▸ PROMPT
The reply should contain every line of the data, repeated exactly, and no pictures.

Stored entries
:::::

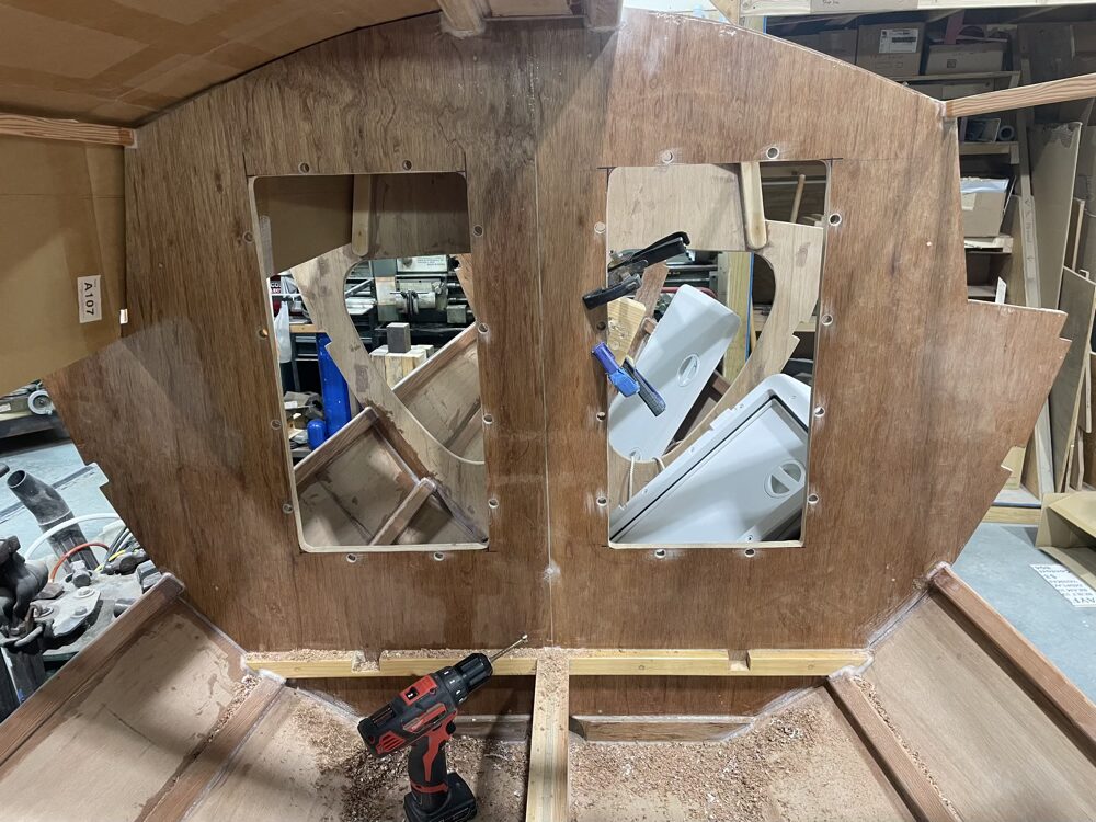 Moving forward I drilled some holes to be filled with 404 for the hatches in the dodger.
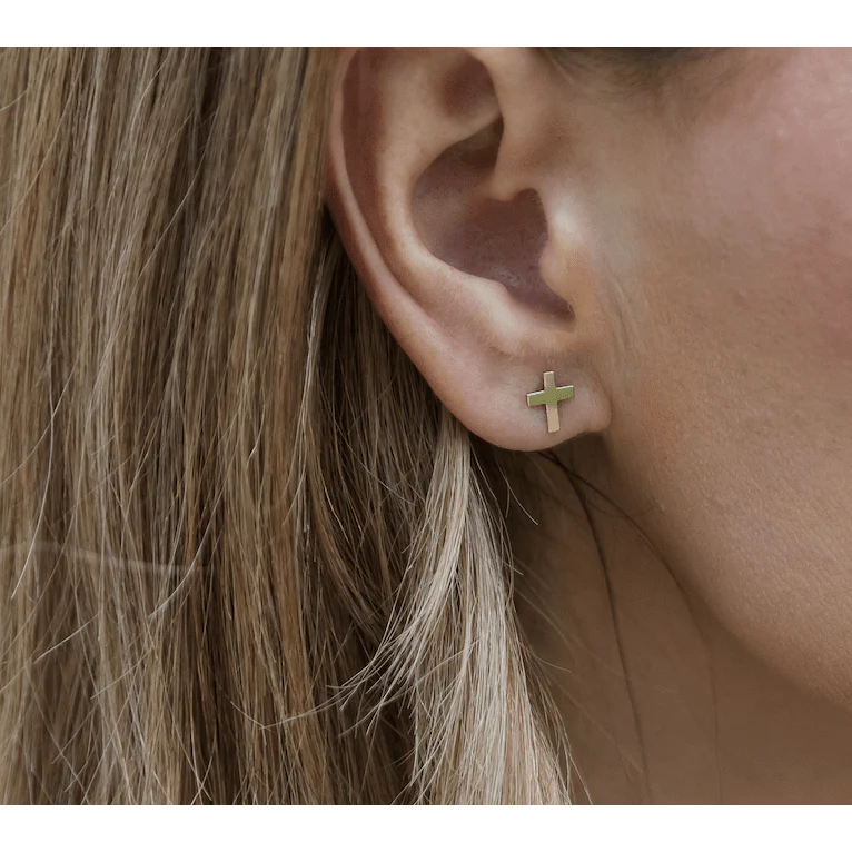 These classic 14k gold-filled cross stud earrings feature a timeless design and secure post backing. Perfect as a meaningful gift for someone special, they are also waterproof for everyday wear.
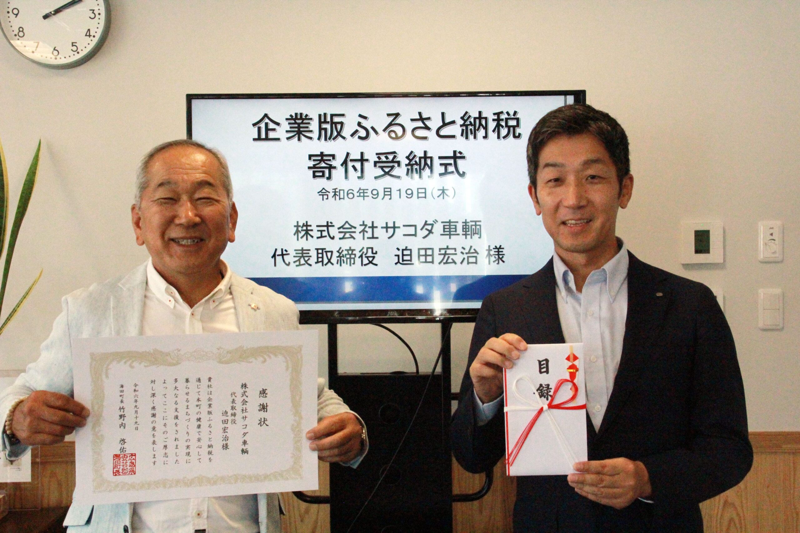 海田町役場へ353,500円を寄付
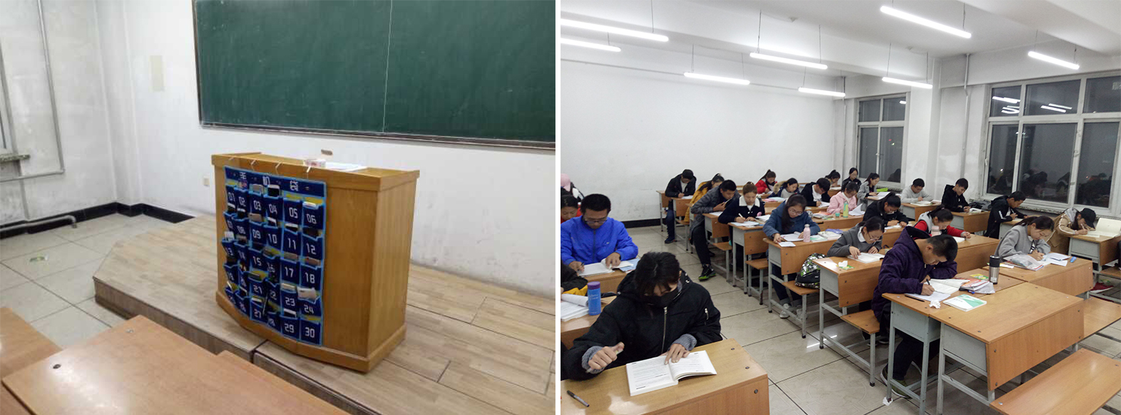学业助理班主任张超然同学为班级准备的手机“停机坪”陪同新生晚自习
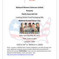 National Women Veterans United Presents Pactiv Corp Job Fair Leading Global Food Packaging Mfg National Armed Forces Day at VFW Post 9801 in Markham, IL 60428, May 20, 2017 11AM-3PM. Read more [...]
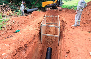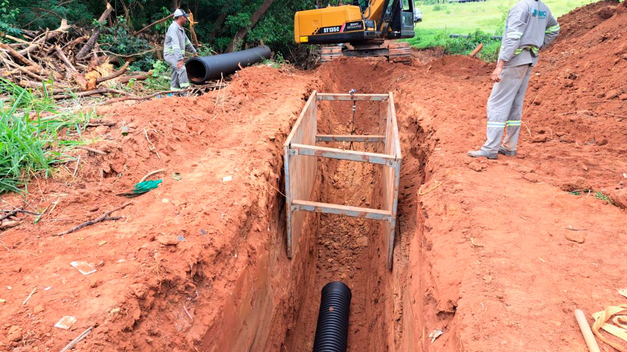 Elaboração de projeto executivo e execução de obras para implantação de estações elevatórias de esgoto bruto, EEEB César de Souza (Catarina), EEEB Beija Flor, EEEB JD São Pedro e execução do recalque em MND
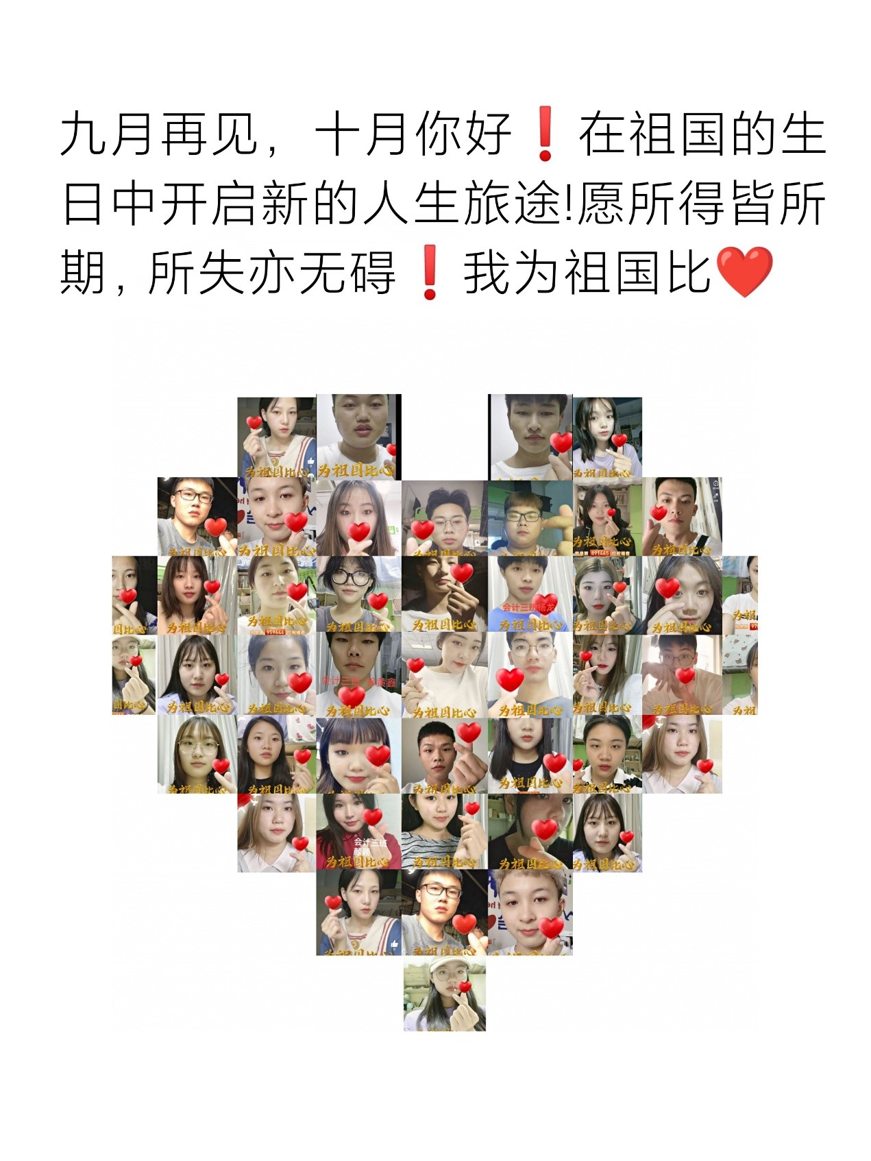 为进一步培育和践行社会主义核心价值观,唱响爱党、爱国、爱家乡的主旋律,表达对伟大祖国的良好祝愿,展现Beat365唯一官方网站学子良好的精神面貌。校团委组织各二级教学院部团总支、学生会开展了“迎国庆,颂祖国”黑板报评比、“我和我的祖国”主题团课、“我爱你,祖国”、“青春向党,奋斗报国”、“爱祖国 庆国庆”、“祖国我想对你说”、“我为祖国比心,向国旗敬礼”、“锦绣河山,盛世华诞”等系列主题团日活动和爱国主义教育活动,开展我与国旗同框,我为祖国祝福,观看爱国主义教育纪录片、主题公益片等一系列活动主题教育活动,喜迎祖国72周年华诞。

:::::

▸ TASK RESULT
 Moving forward I drilled some holes to be filled with 404 for the hatches in the dodger.
 These classic 14k gold-filled cross stud earrings feature a timeless design and secure post backing. Perfect as a meaningful gift for someone special, they are also waterproof for everyday wear.
 海田町役場へ353,500円を寄付
学业助理班主任张超然同学为班级准备的手机“停机坪”陪同新生晚自习
 National Women Veterans United Presents Pactiv Corp Job Fair Leading Global Food Packaging Mfg National Armed Forces Day at VFW Post 9801 in Markham, IL 60428, May 20, 2017 11AM-3PM. Read more [...]
 Elaboração de projeto executivo e execução de obras para implantação de estações elevatórias de esgoto bruto, EEEB César de Souza (Catarina), EEEB Beija Flor, EEEB JD São Pedro e execução do recalque em MND
 为进一步培育和践行社会主义核心价值观,唱响爱党、爱国、爱家乡的主旋律,表达对伟大祖国的良好祝愿,展现Beat365唯一官方网站学子良好的精神面貌。校团委组织各二级教学院部团总支、学生会开展了“迎国庆,颂祖国”黑板报评比、“我和我的祖国”主题团课、“我爱你,祖国”、“青春向党,奋斗报国”、“爱祖国 庆国庆”、“祖国我想对你说”、“我为祖国比心,向国旗敬礼”、“锦绣河山,盛世华诞”等系列主题团日活动和爱国主义教育活动,开展我与国旗同框,我为祖国祝福,观看爱国主义教育纪录片、主题公益片等一系列活动主题教育活动,喜迎祖国72周年华诞。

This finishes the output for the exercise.